**WORK TASK:** Beginning with the line that contains "上一篇:【百度新闻】黑龙江职业学院实践团成功入选全国大学生社会实践团队", write out each remaining line of the records below exactly. Do not copy any picture.

═══ MATERIAL FOR THE TASK

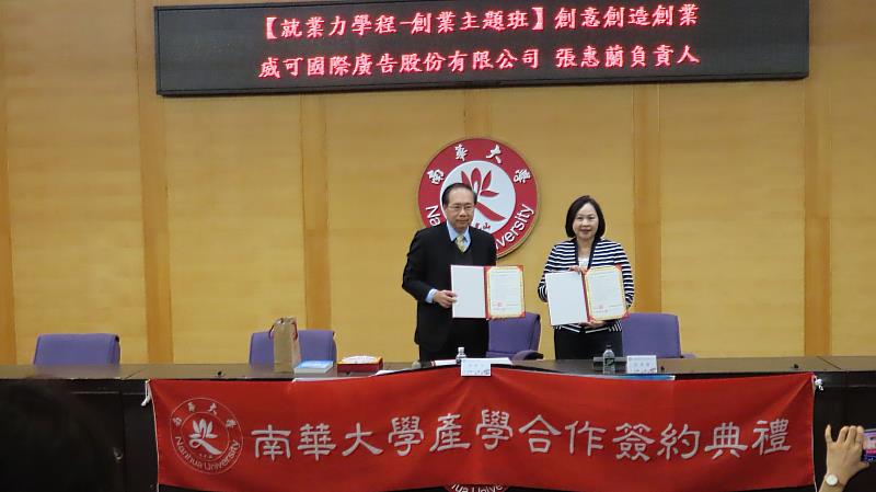 南華大學主任秘書胡聲平開場致詞時表示,董事長除了經營威可,同時兼任威鼎整合行銷和威台紙業兩家公司的董事長,是創業有成的女強人,令人十分敬佩。威可公司的slogan「思維國際化視野全球化,威可廣告與時並進」,在終身學習與跨領域的時代如何與時俱進,在張董事長的分享中必能有所收穫。
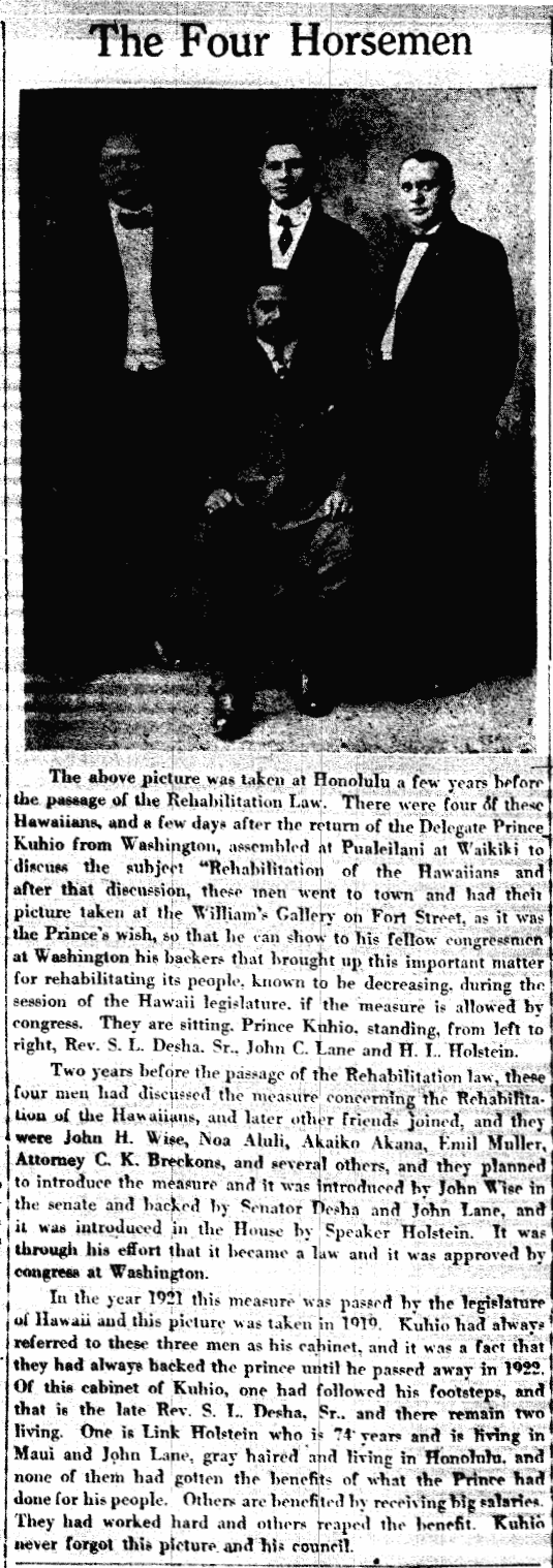 The above picture was taken at Honolulu a few years before the passage of the Rehabilitation Law. There were four of these Hawaiians, and a few days after the return of the Delegate Prince Kuhio from Washington, assembled at Pualeilani at Waikiki to discuss the subject “Rehabilitation of the Hawaiians and after that discussion, these men went to town and had their picture taken at the William’s Gallery on Fort Street, as it was the Prince’s wish, so that he can show to his fellow congressmen at Washington his backers that brought up this important matter for rehabilitating its people, known to be decreasing, during the session of the Hawaii legislature, if the measure is allowed by congress. They are sitting. Prince Kuhio, standing, from left to right, Rev. S. L. Desha, Sr., John C. Lane and H. L. Holstein.
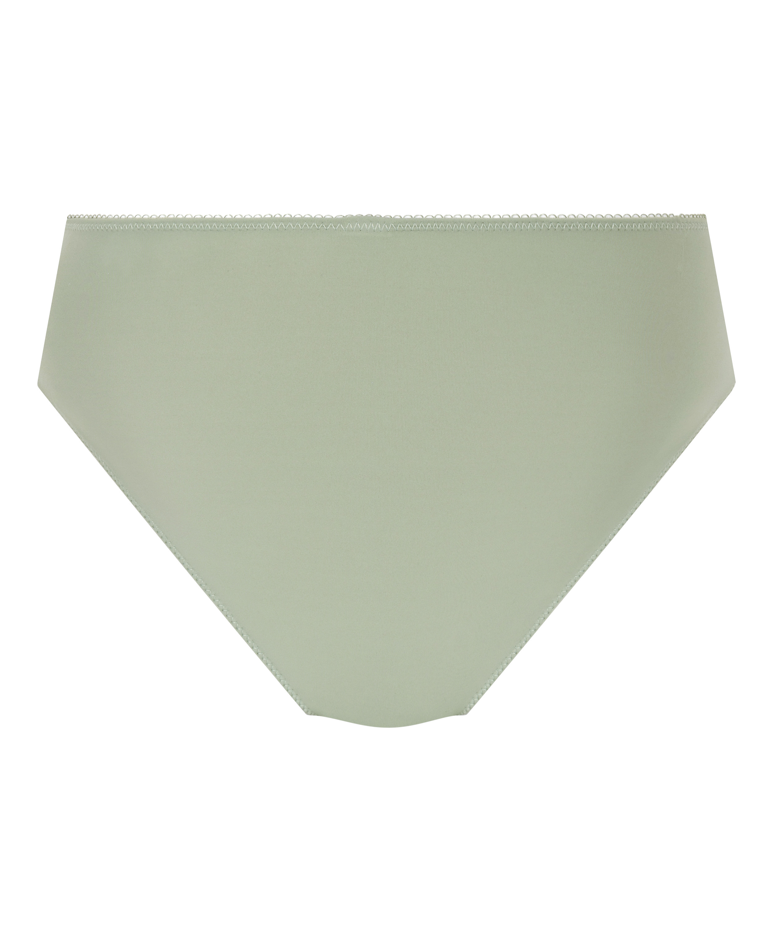 Denne høye trusen er laget av et føyelig, glatt stoff som gir en nydelig passform, og den er dekorert med blomsterbroderinger og en liten sløyfe foran.
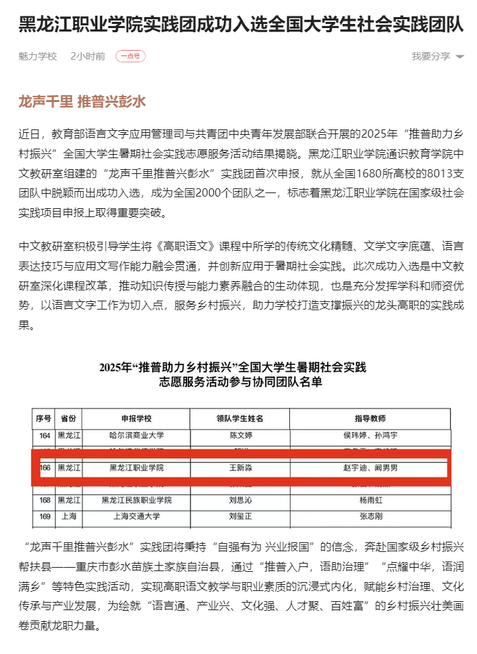 上一篇:【百度新闻】黑龙江职业学院实践团成功入选全国大学生社会实践团队
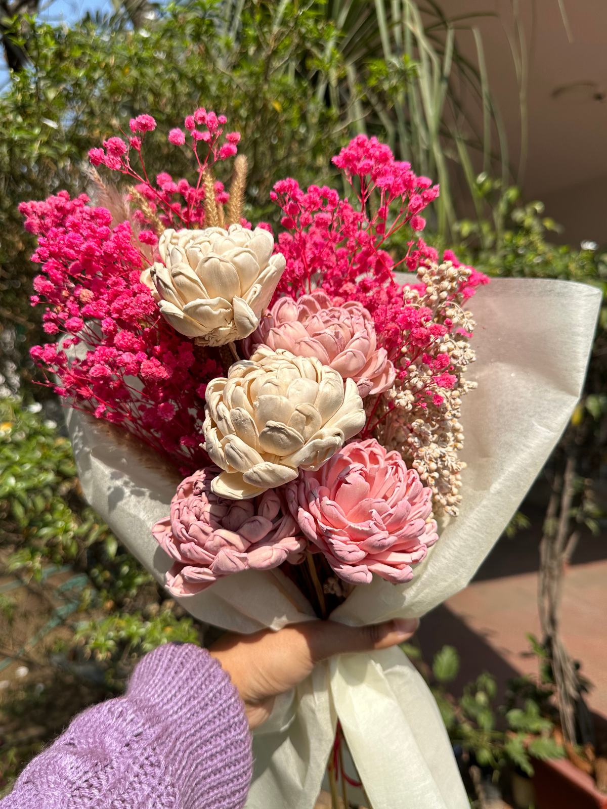 Delicate and thoughtfully curated, this dried flower bouquet blends soft pink baby’s breath, shola flowers, and graceful grasses for lasting beauty. A perfect gift for birthdays, anniversaries, or housewarmings—and a charming accent for your study, dining, or coffee table.

══════

**TASK OUTPUT:**
 上一篇:【百度新闻】黑龙江职业学院实践团成功入选全国大学生社会实践团队
 Delicate and thoughtfully curated, this dried flower bouquet blends soft pink baby’s breath, shola flowers, and graceful grasses for lasting beauty. A perfect gift for birthdays, anniversaries, or housewarmings—and a charming accent for your study, dining, or coffee table.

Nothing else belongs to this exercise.